As summer temperatures soar across the country, dehydration becomes an everyday challenge. It drains our strength and leaves us craving refreshing drinks. Ayurvedic practitioners recommend this delightful combination of tanginess and sweetness as the ideal remedy for summer’s burning heat.
Ayurvedic experts refer to tamarind as chincha in Sanskrit and keep it in high regard for its therapeutic properties. The taste of entirely ripe, dried tamarind fruit is sweet and sour and is used as a home remedy for various conditions, including fatigue, diarrhoea, dehydration, and indigestion.
Nutritive merits
According to Sakshi Gandhi, nutritionist from Universal Diet Academy & Clinic, Mohali, Punjab, tamarind is an excellent source of vitamin C. It is well-known for its unique combination of sweet and sour flavours.
Tamarind owes much of its flavour and medicinal properties to tartaric acid, a crucial and abundant component in its pods. Tartaric acid, a natural organic acid, has several therapeutic benefits, such as aanti-inflammatory, antibacterial, and antioxidant.
This acid improves digestion by releasing gastric juices, resulting in easier digestion. Its moderate laxative effect can help reduce constipation and regulate bowel movements, providing relief from gastrointestinal issues.
Along with tartaric acid, tamarind has pectin (soluble fibres), tannin, and cellulose. The fruit pulp is high in potassium, calcium, phosphorus, sodium, zinc, and iron.
Gandhi further adds that tamarind can help manage hypertension and lipid levels. “It, in particular, enhances high-density lipoproteins (HDL) and reduces low-density lipoproteins (LDL), both of which are good for heart health,” she says.
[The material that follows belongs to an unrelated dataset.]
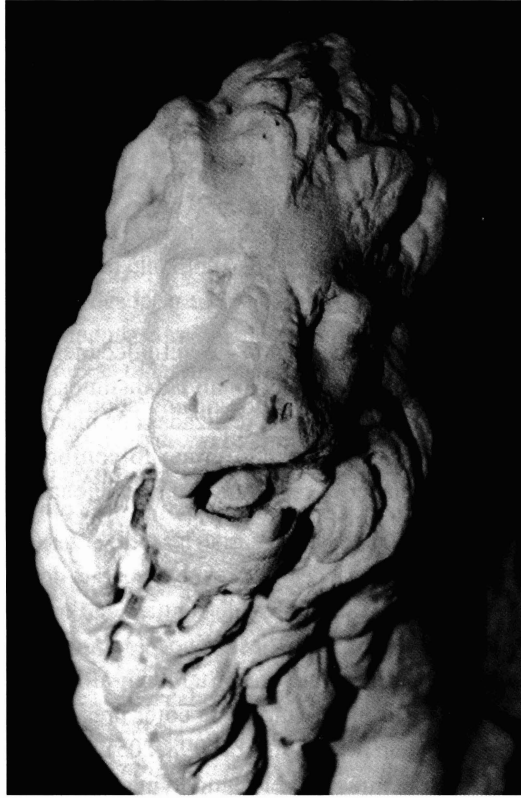
Lámina 7: Detalle de la cabeza del león.

y verismo los pliegues de la piel y el pelo. Naturalismo que podemos apreciar en el tratamiento del lomo del animal que muestra las costillas bajo el pelaje y la zona blanda del estómago. Del mismo modo, este intento de fidelidad al modelo real se puede comprobar en el interés del autor por representar la pelambre colgante que recorre la parte inferior del cuerpo y la trasera de las patas delanteras. Estas características contrastan con el tratamiento dado al león romano 21 de Málaga (BAENA DEL ALCÁZAR, 1987, 1989) analizado por Díaz Martos (1960, 225-228) y situado cronológicamente entre la segunda mitad del siglo II d. C., y finales del III.

Now that we have benefits listed, let us explore the recipe for the tamarind fruit drink, also known as chincha panakam.
Ingredients
- 1 cup ripe tamarind fruits without seeds
- ½ cup sugar (can modify to taste)
- ½ teaspoon of salt (can modify to taste)
- 1 tsp cumin seeds powder
- 3-4 crushed black pepper
- Water, as required to maintain consistency
Instructions
- Begin by soaking the tamarind pulp in water for around two hours.
- Mash the tamarind pulp until smooth.
- To expand the flavour, combine sugar, salt, powdered cumin seeds, and black pepper with the mashed tamarind pulp.
- Mix all the ingredients until well-blended.
- Add 2-3 cups of water gradually and stir until the required consistency is achieved. Adjust the amount of water to your desired sweetness and sourness.
- After thoroughly mixing, drain the mixture to eliminate any remaining pulp or seeds.
- Serve this homemade tamarind juice cool, topped with a twig of fresh mint for additional freshness.
Serving size
This recipe makes around four servings, each about 1 cup. Adjust the ingredient proportions to make more or fewer servings.